Subject: RFC: client-side NFS locking
To: None <tech-kern@NetBSD.org>
From: Edgar =?iso-8859-1?B?RnXf?= <Edgar.Fuss@bn2.maus.net>
List: tech-kern
Date: 07/26/2006 21:45:00
Hello.

This is probably a bit strange for a first post on the list, but
mathematicians are known to be strange people.

I desperately need NFS client-side locking on our (math.uni-bonn.de)
mail servers. I was so happy they're running NetBSD now, but still no
NFS locking in 3.0 or current. After a plea to ws@ to port what's in
FreeBSD failed with ENOTIME, I spent most of a weekend reading a thick
book with a red cover featuring a funny creature carrying a fork, phoned
ws umpteen times the following weeks and wrote something you can find at
http://www.math.uni-bonn.de/people/ef/nfslock.tar.gz. The tarball contains
a file full of patches and several new files. I effectively split
lockd_lock.c into lock_server.c and lock_common.c, added some lines to them
and a new lock_client.c---plus a kernel part or course. It's all quite
different from what BSDI/FreeBSD does.

My client can operate either synchronously (NLM_LOCK etc.) or
asynchronously (NLM_LOCK_MSG etc.), with or without threading.
The async mode doesn't work yet, possibly due to problems with the
get_client() routine in lock_proc.c. Async without threading will
surely deadlock. I'd prefer to do it event-driven, but how do you call
RPCs event-driven?

There also is a small test program called locktest. If you don't
understand what it wants you to type, type '?' or read the source.
If you don't understand how one can write a program that wants you
to type ..., well.

Since I've never ever written anything like Unix kernel stuff, never
used RPC or posix threads before and given C being not exactly my
favourite programming language, this may all be sub-optimal.
I expect lots of comments (thus the subject).

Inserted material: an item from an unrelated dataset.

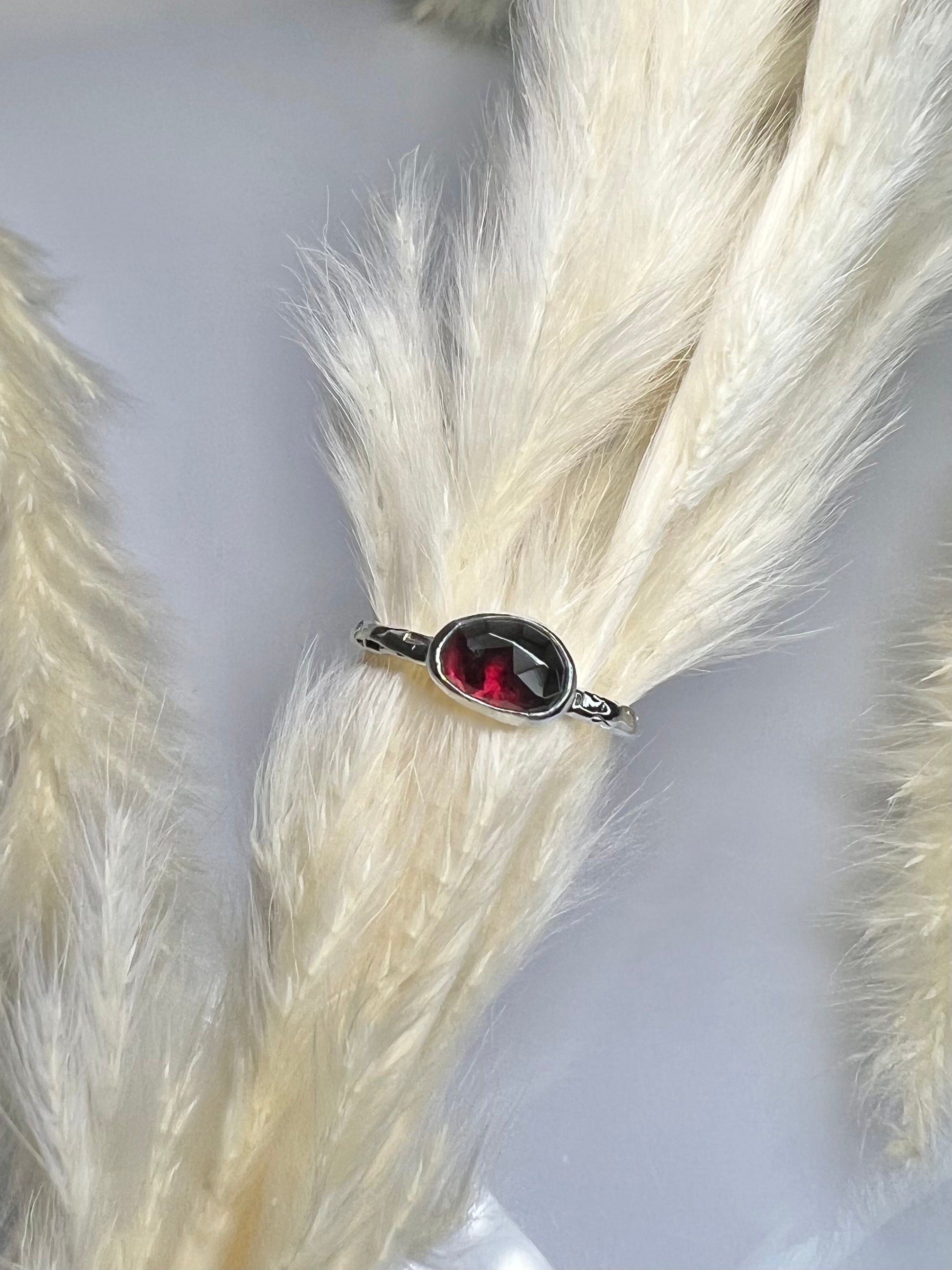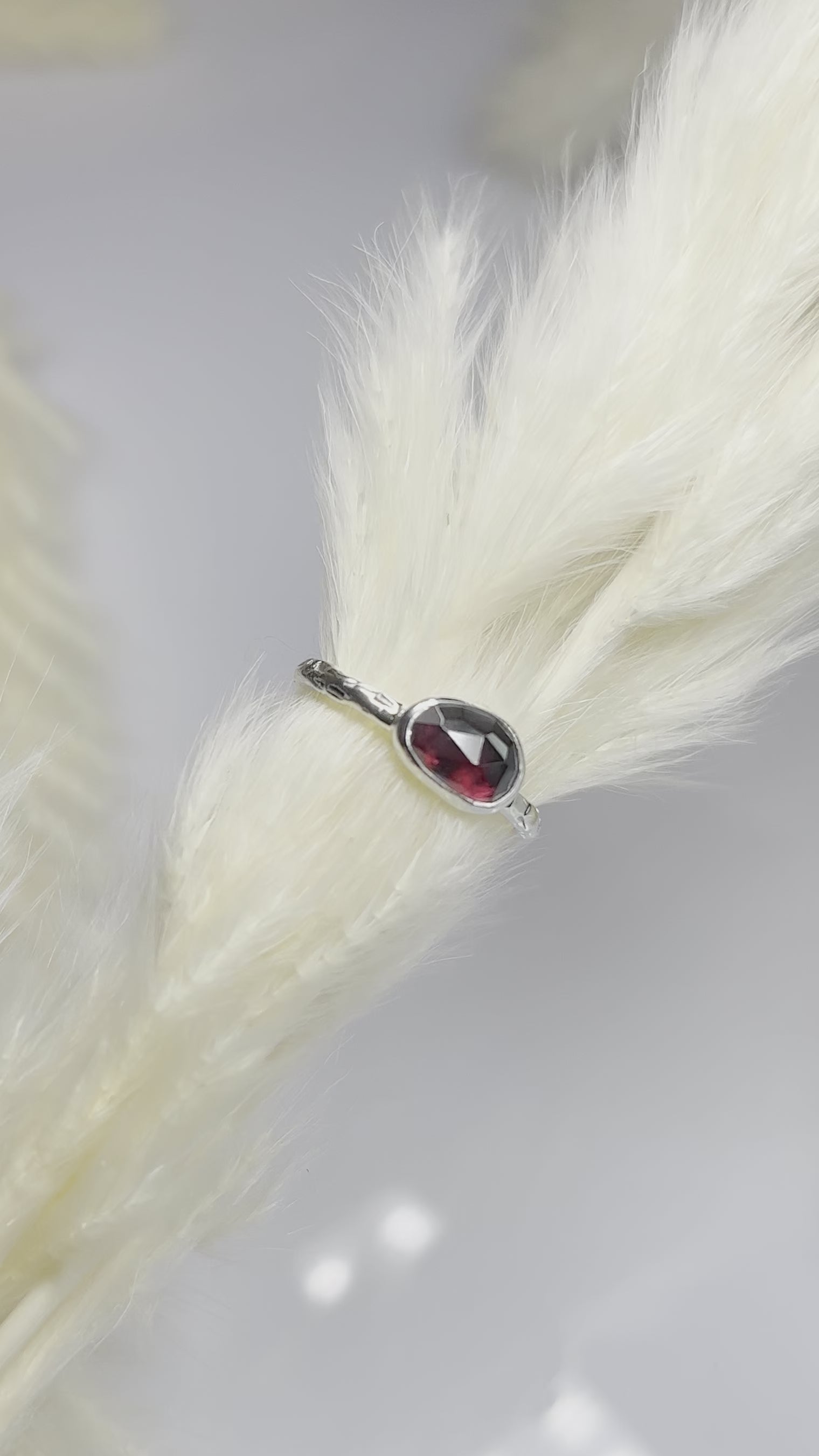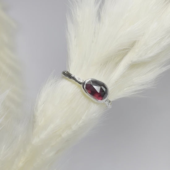 A beautiful garnet gem stone set in sterling silver creating a dainty stacking ring.

Some sundry things in pseudo-random order I stumbled over in the process
of writing this:

In vnode.h, why doesn't VOPARG_OFFSET use offsetof()?

In vnodeops(9), under VOP_ADVLOCK, I don't understand the wording after
"The argument".

In kern_descrip.c, the code silently adds the current file position
without changing SEEK_CUR to SEEK_SET. Moreover, this behaviour seems
to be undocumented.

In the same file, in sys-flock(), lf.pid seems to be uninitialized.
No clue whether that is problematic.

In rpc.lockd/lockd_lock.c, a host was never unmonitored.

In rpc/lockd/lock_proc.c, getclient(), the comment talks, err, writes
about -udp- where the code uses -tp-.

I've read different opinions whether fcntl(..., F_SETLK, ...) should
return EACCESS or EAGAIN when it can't get the lock.

As I wrote above, I never used RPCs before, but I thought the whole point
about the async versions like LOCK_MSG was that they returned immediately,
i.e. as soon as the arguments have arrived. However, lock_proc.c calls the
handling routine, sends the reply RPC (LOCK_MSG or alike) and only then
returns. I would argue that as long as my call to LOCK_MSG hasn't returned,
I haven't made the call so there can be no LOCK_RES referring to the call
I didn't yet issue. Moreover, I had to thread the client because of this.

The NLM server always seems to fhopen() RDWR, meaning one can't lock
files root can't write to.

Moreover, the server seems to be only able to handle one single lock per
file, probably because keeping track of different processes locking
different parts of the file isn't much fun. I'm not sure I want to
rewrite this. Maybe it would be easier if the kernel exposed an interface
at the lf_xxx() level including some sort of callback if a lock becomes
available?

There is a typo in rpc(3) reading "rpc_reg structure" instead of
"rpc_req" (that's in bold so / doesn't find it).

In rpc/rpc.h, why does clnt_call() cast the pointer to char * and
clnt_freeargs() doesn't?

I hope I didn't forget anything. I've accumulated awful amounts of
little papers around here while writing this code.

By the way, I must say that build.sh is really cool. As the SpacStation
10/20's I used to test this at home are rather slow, I wrote and compiled
the whole stuff on my PowerBook running Max OS X. When I timed out on
build.sh build, I went to work, let one of the two-Opteron-irons running
NetBSD do the build (32min), tar'ed the whole 200M destdir.sparc (<2sec)
and took the tarball home.

So, please go ahead and comment. I haven't tested much yet, though it
basically pretends to work. I'm going to find stupid errors as soon as
I have posted this.